MP Materials mine in Mountain Pass, Calif.

MP Materials, which runs the only American rare earths mine[1], announced a new $500 million agreement with tech giant Apple on Tuesday to produce more of the powerful magnets used in iPhones as well as other high-tech products like electric vehicles.

This news comes on the heels of last week’s announcement that the U.S. Defense Department agreed to invest $400 million in shares of the Las Vegas-based company. That will make the government the largest shareholder in MP Materials and help increase magnet production.

Despite their name, the 17 rare earth elements aren’t actually rare, but it’s hard to find them in a high enough concentration to make a mine worth the investment.

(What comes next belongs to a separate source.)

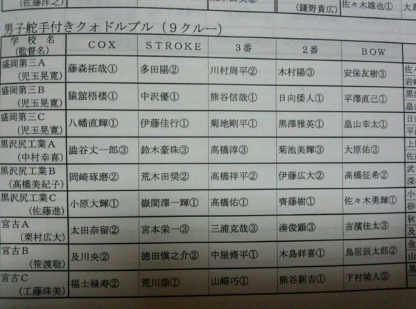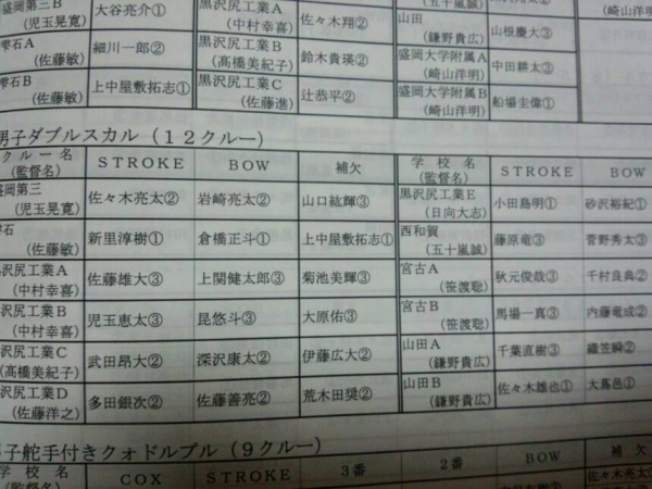 決勝戦3位までが東北大会出場権、優勝クルーは東北大会+インターハイ出場権を獲得するという大事な試合で、決勝に進んだ4クルー全員が東北大会の出場権を獲得、更に2クルーがインターハイ出場を決めると云う輝かしい成績を収めました

They are important ingredients in everything from smartphones and submarines to EVs and fighter jets, and it's those military applications that have made rare earths a key concern in ongoing U.S. trade talks[2]. That's because China dominates the market and imposed new limits on exports after President Donald Trump announced his widespread tariffs[3]. When shipments dried up, the two sides sat down in London.

The agreement with Apple will allow MP Materials to further expand its new factory in Texas to use recycled materials to produce the magnets that make iPhones vibrate. The company expects to start producing magnets for GM's electric vehicles later this year and this agreement will let it start producing magnets for Apple in 2027.

The Apple agreement represents a sliver of the company's pledge to invest $500 billion domestically[4] during the Trump administration. And although the deal will provide a significant boost for MP Materials, the agreement with the Defense Department may be even more meaningful.

Neha Mukherjee, a rare earths analyst with Benchmark Mineral Intelligence, said in a research note that the Pentagon's 10-year promise to guarantee a minimum price for the key elements of neodymium and praseodymium will guarantee stable revenue for MP Minerals and protect it from potential price cuts by Chinese producers that are subsidized by their government.

“This is the kind of long-term commitment needed to reshape global rare earth supply chains," Mukherjee said.

Trump has made it a priority to try to reduce American reliance on China for rare earths. His administration is both helping MP Materials and trying to encourage the development of new mines that would take years to come to fruition. China has agreed to issue some permits[5] for rare earth exports but not for military uses, and much uncertainty remains about their supply. The fear is that the trade war between the world’s two biggest economies could lead to a critical shortage of rare earth elements that could disrupt production of a variety of products. MP Materials can't satisfy all of the U.S. demand from its Mountain Pass mine in California’s Mojave Desert.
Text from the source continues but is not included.